Material for the task START

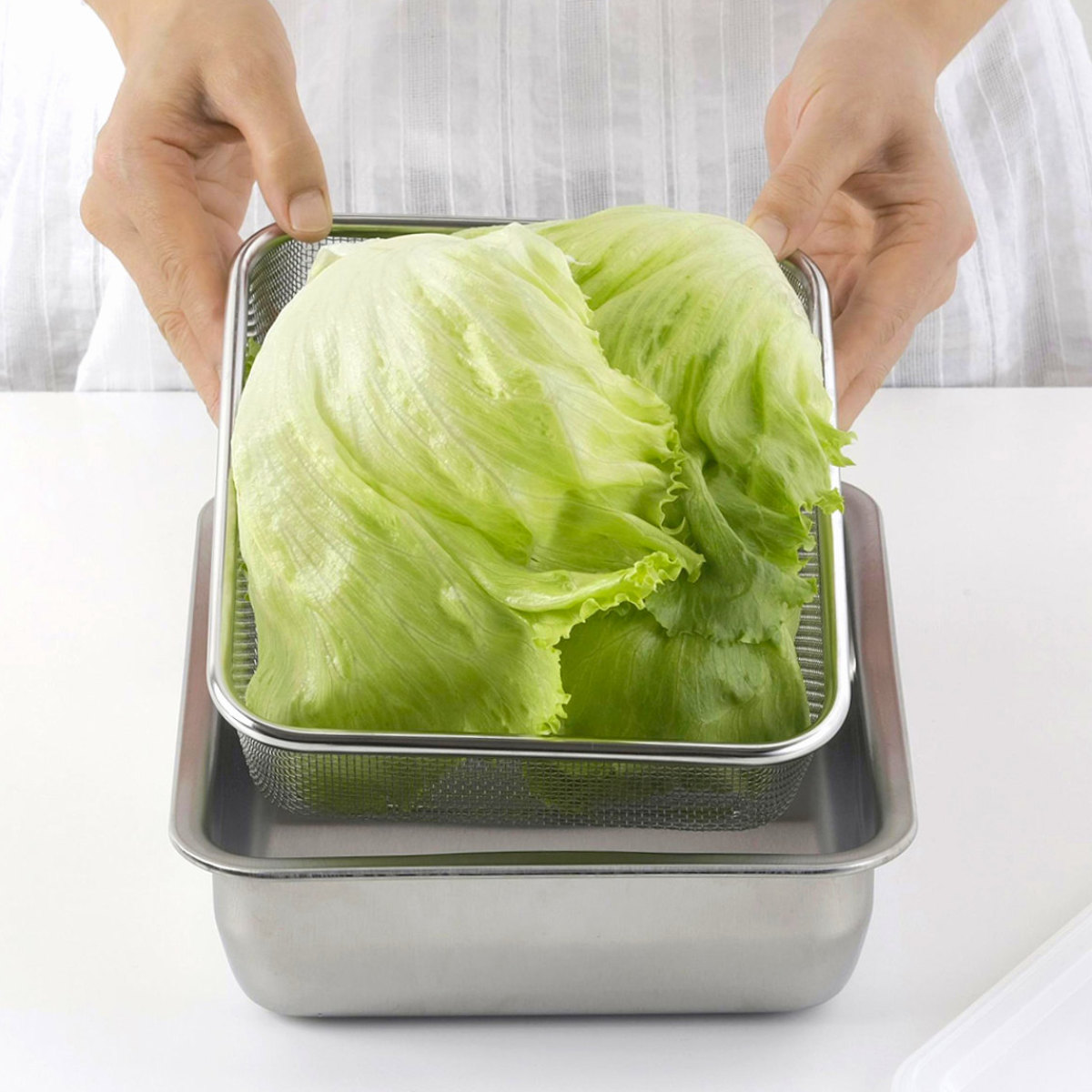 食材の水切りや冷蔵保存に便利な、ザル・バット・フタの3点セットです。熱伝導に優れたステンレス製で食材を素早く冷却でき、野菜の水切りから冷蔵保存、お肉の下味付けなど、お料理の下ごしらえに最適です。
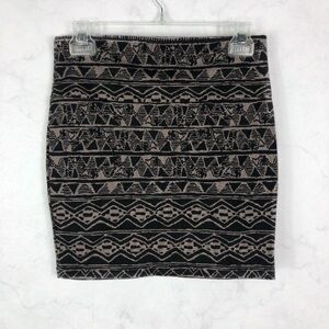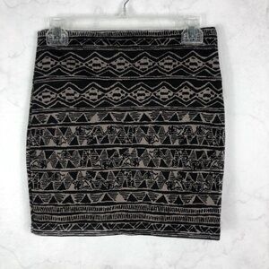 Body Central Aztec Geometric Printed Mini Skirt. Stretchy. No Stains or Rips. Cute & Comfy. Black & Tan Colors. (0289)
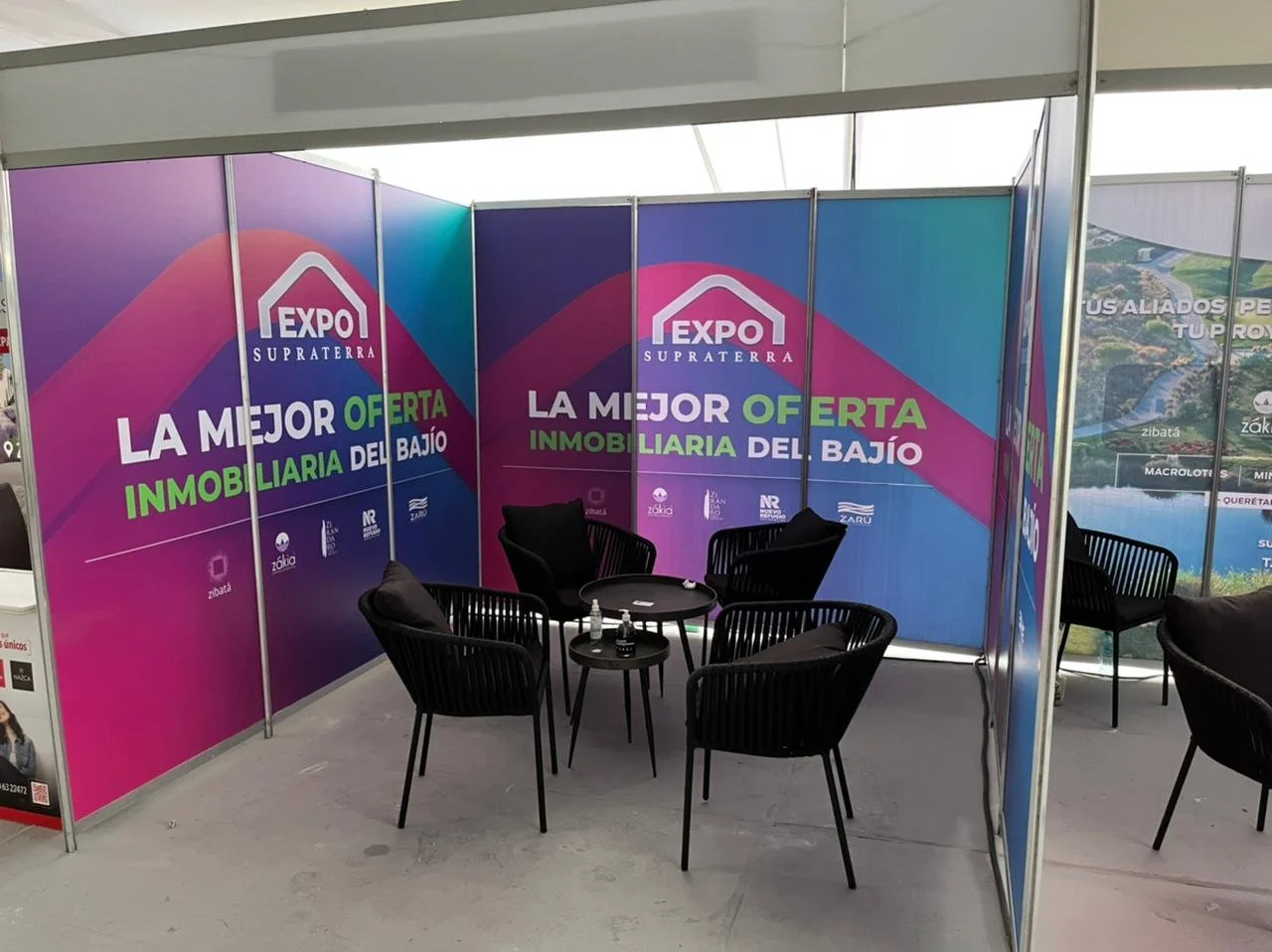 Impresión de graficos en vinil autoaderible en las paredes del stand.
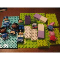 Es sind eine ca. DINA6 Platte, 1 etwas kleinere dickere und 2 kleine dicke, 7 Bausteine und 5 Tierfiguren - Schwein, Frosch und Bären sowie 3 ... mehr
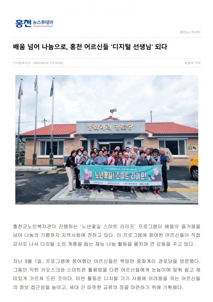 홍천뉴스투데이_배움 넘어 나눔으로, 홍천 어르신들 '디지털 선생님' 되다(2025. 9. 2.)
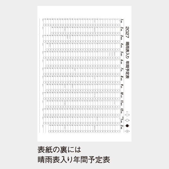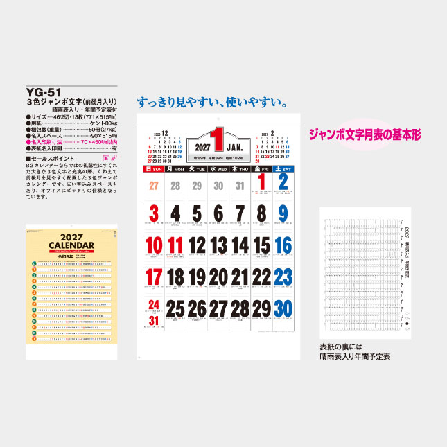 晴雨表、年間予定表付。B2カレンダーならではの視認性にすぐれた大きな3色文字と充実の暦。
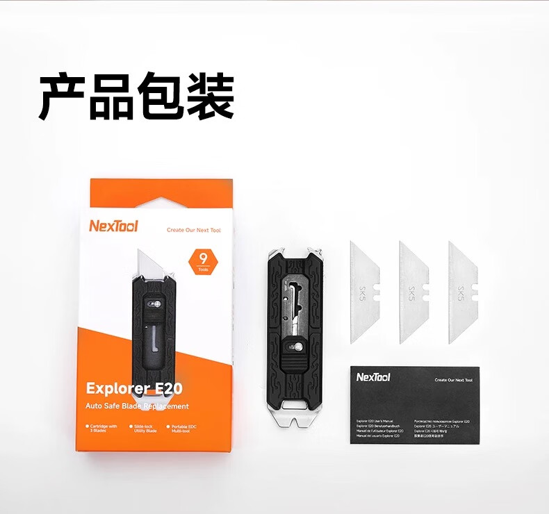 纳拓(NexTool)户外多功能EDC介纸刀居家手工刀办公设计弹匣系统替换刀片 探索者E20(配3片高碳刀片)
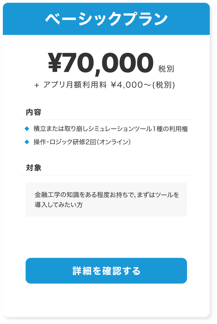 初期投資額・積立額・運用期間・リスク・リターンなどを入力するだけ。複雑な金融工学の知識は不要です。
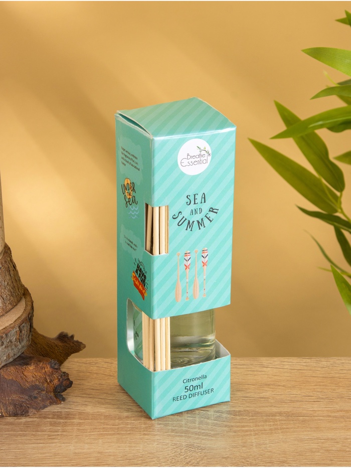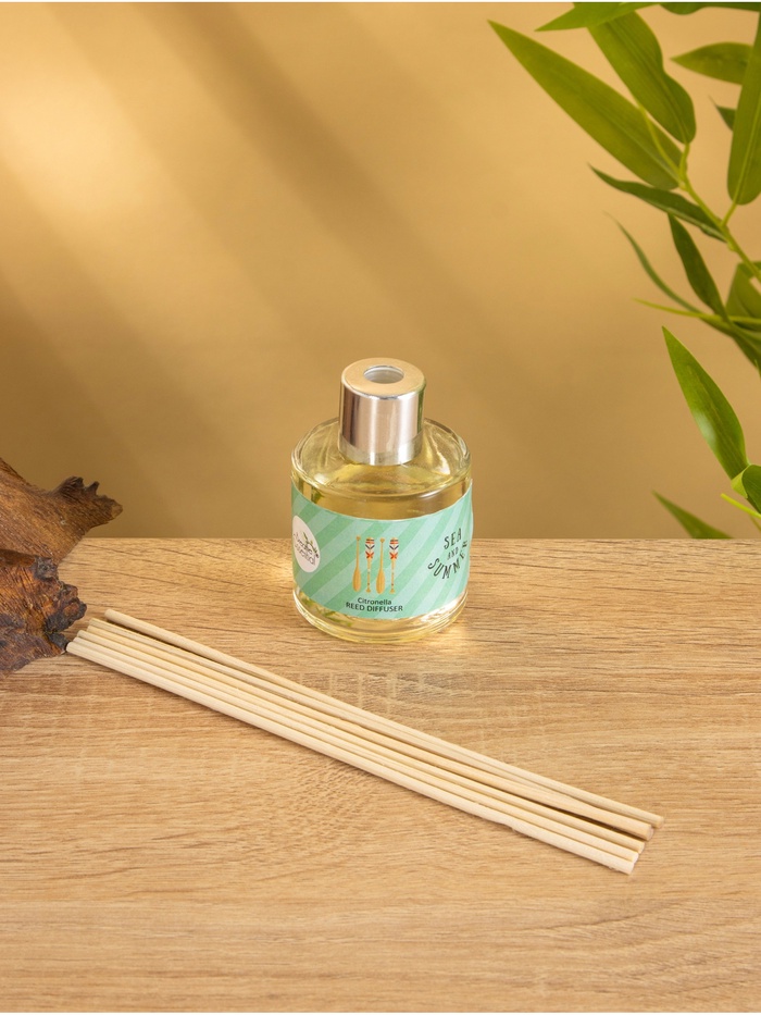 Диффузор Sea and Summer Citronella на 50 мл с 6 палочками. Эффективный и стильный способ наполнить помещение свежим, бодрящим ароматом цитронеллы. Идеально подходит для дома, офиса или летней веранды. Простота использования и долговечный эффект.
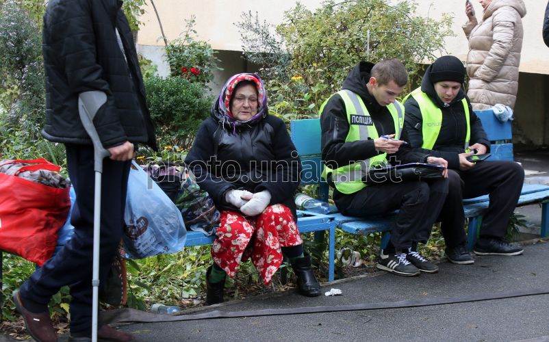 Пожилая жительница одной из уничтоженных квартир с обожженными руками сидит на скамейке возле поврежденного после ночной атаки дронами жилого дома в Деснянском районе Киева, 26 октября 2025 г. В Деснянском районе Киева продолжаются аварийно-спасательные работы после российской атаки дронами. В результате попадания погибли три человека: 19-летняя девушка и ее 46-летняя мать, еще одно тело нуждается в идентификации. Фото Синица Александр / УНИАН
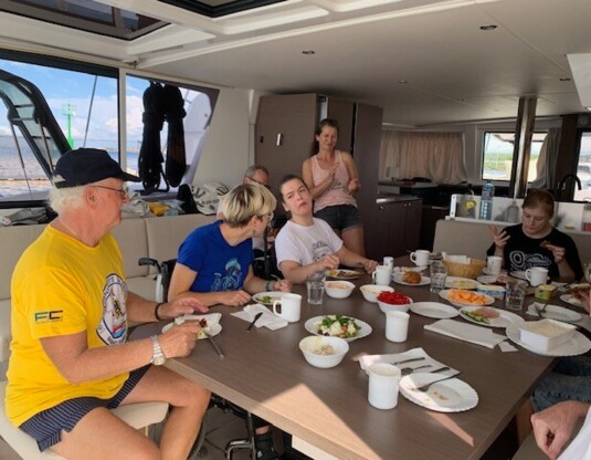 Segeln in Kroatien bei sommerlichen Temperaturen um 28°C, Sonnenbaden an Deck eines Katamarans, Schwimmen in kristallklarem Wasser, kühle Drinks auf der Terrasse einer Strandbar. Gibt es was Schöneres? Die Friedensflotte war wieder ein außergewöhnliches Erlebnis. Sogar Delphine haben uns beim Segeln lebhaft und neugierig begleitet. Das Rahmenprogramm in der Marina von Kastela war abwechslungsreich und spannend. Workshops, Grillabend, Basteln, Malen, Tanzen, Musik, Discoabend, alles dabei, was das Herz unserer TeilnehmerInnen begehrt. Ganz besonders berührend ist der Moment, wenn bei der Abfahrt alle Schiffe gleichzeitig die Segel hissen und geschlossen den Hafen verlassen.

Material for the task END

- Exercise details
Exact copies of the entries above are needed, without their pictures.

- Solved problem
 食材の水切りや冷蔵保存に便利な、ザル・バット・フタの3点セットです。熱伝導に優れたステンレス製で食材を素早く冷却でき、野菜の水切りから冷蔵保存、お肉の下味付けなど、お料理の下ごしらえに最適です。
 Body Central Aztec Geometric Printed Mini Skirt. Stretchy. No Stains or Rips. Cute & Comfy. Black & Tan Colors. (0289)
 Impresión de graficos en vinil autoaderible en las paredes del stand.
 Es sind eine ca. DINA6 Platte, 1 etwas kleinere dickere und 2 kleine dicke, 7 Bausteine und 5 Tierfiguren - Schwein, Frosch und Bären sowie 3 ... mehr
 홍천뉴스투데이_배움 넘어 나눔으로, 홍천 어르신들 '디지털 선생님' 되다(2025. 9. 2.)
 晴雨表、年間予定表付。B2カレンダーならではの視認性にすぐれた大きな3色文字と充実の暦。
 纳拓(NexTool)户外多功能EDC介纸刀居家手工刀办公设计弹匣系统替换刀片 探索者E20(配3片高碳刀片)
 初期投資額・積立額・運用期間・リスク・リターンなどを入力するだけ。複雑な金融工学の知識は不要です。
 Диффузор Sea and Summer Citronella на 50 мл с 6 палочками. Эффективный и стильный способ наполнить помещение свежим, бодрящим ароматом цитронеллы. Идеально подходит для дома, офиса или летней веранды. Простота использования и долговечный эффект.
 Пожилая жительница одной из уничтоженных квартир с обожженными руками сидит на скамейке возле поврежденного после ночной атаки дронами жилого дома в Деснянском районе Киева, 26 октября 2025 г. В Деснянском районе Киева продолжаются аварийно-спасательные работы после российской атаки дронами. В результате попадания погибли три человека: 19-летняя девушка и ее 46-летняя мать, еще одно тело нуждается в идентификации. Фото Синица Александр / УНИАН
 Segeln in Kroatien bei sommerlichen Temperaturen um 28°C, Sonnenbaden an Deck eines Katamarans, Schwimmen in kristallklarem Wasser, kühle Drinks auf der Terrasse einer Strandbar. Gibt es was Schöneres? Die Friedensflotte war wieder ein außergewöhnliches Erlebnis. Sogar Delphine haben uns beim Segeln lebhaft und neugierig begleitet. Das Rahmenprogramm in der Marina von Kastela war abwechslungsreich und spannend. Workshops, Grillabend, Basteln, Malen, Tanzen, Musik, Discoabend, alles dabei, was das Herz unserer TeilnehmerInnen begehrt. Ganz besonders berührend ist der Moment, wenn bei der Abfahrt alle Schiffe gleichzeitig die Segel hissen und geschlossen den Hafen verlassen.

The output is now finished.